The Global Positioning System, or GPS, has been part of our daily lives for more than 20 years. We can just type or say where we want to go into our mobile devices, which then plan a route for us in a few seconds. We can even adjust our route to avoid traffic, highways or tolls. It makes every town our hometown by enabling us to get around as easily as the locals do.
Maintained by the U.S. Space Force, GPS is made up of 31 satellites that are in orbit at a distance of about 20,200 kilometers (about 12,550 miles) above Earth. Twenty-seven of those satellites are currently in operation, and the others are used as backups. The satellites circle the globe twice a day, and their orbits are organized in such a way that you can see at least four from nearly every point on Earth at any one time. You need at least four satellites to get a fix on your position, though more is better.
Each of these satellites has several atomic clocks aboard. These clocks keep time very accurately (to within three billionths of a second) and are regularly corrected using even more accurate atomic clocks that are kept on the ground. They need to be synchronized because accurate time is the basis of GPS location and navigation services. The GPS satellites are constantly broadcasting signals with their time and position over Earth. The GPS receiver in your mobile device compares the time signals it receives from the satellites with its internal clock. Knowing the speed of light and when the signals were sent and received, your device can calculate your distance from each satellite, and thereby home in on your longitude, latitude and altitude.

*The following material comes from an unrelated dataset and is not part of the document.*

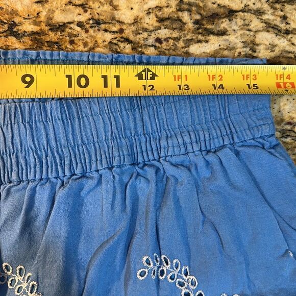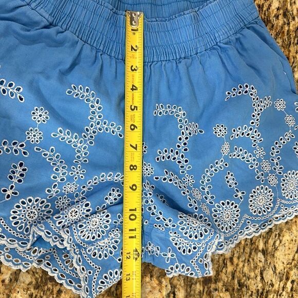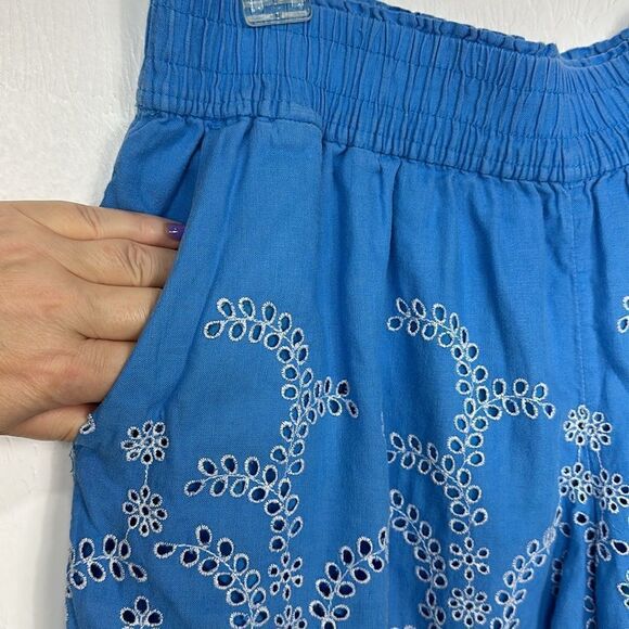 J. Crew Blue Elastic Waistband Floral Embroidery Shorts Size M

Today’s GPS is so accurate that it can locate your position to within 4.9 meters (16 feet), though modern phones with advanced electronics and using additional signals and post-processing can further increase GPS precision.
Once your mobile device has calculated your latitude, longitude and altitude, it can superimpose your position onto a meticulously made road map created by whatever company’s software you are using. That map is what you see as you go along. Navigation service providers update their maps with traffic information and suggest other routes using artificial intelligence.
With a constellation of atomic clocks visible all over the world, GPS can also be used to compare accurate time and frequency signals between remote locations by each site simultaneously comparing their clocks to the same satellite clock signals and then exchanging the data with each other. This method, called common-view GPS, is used by the National Institute of Standards and Technology to measure and adjust clocks at other locations to help ensure others have accurate time. Equipment and atomic clock manufacturers use these signals to test the time and frequency accuracy and stability of their hardware, and financial traders use it for timing and time-stamping transactions, among other applications.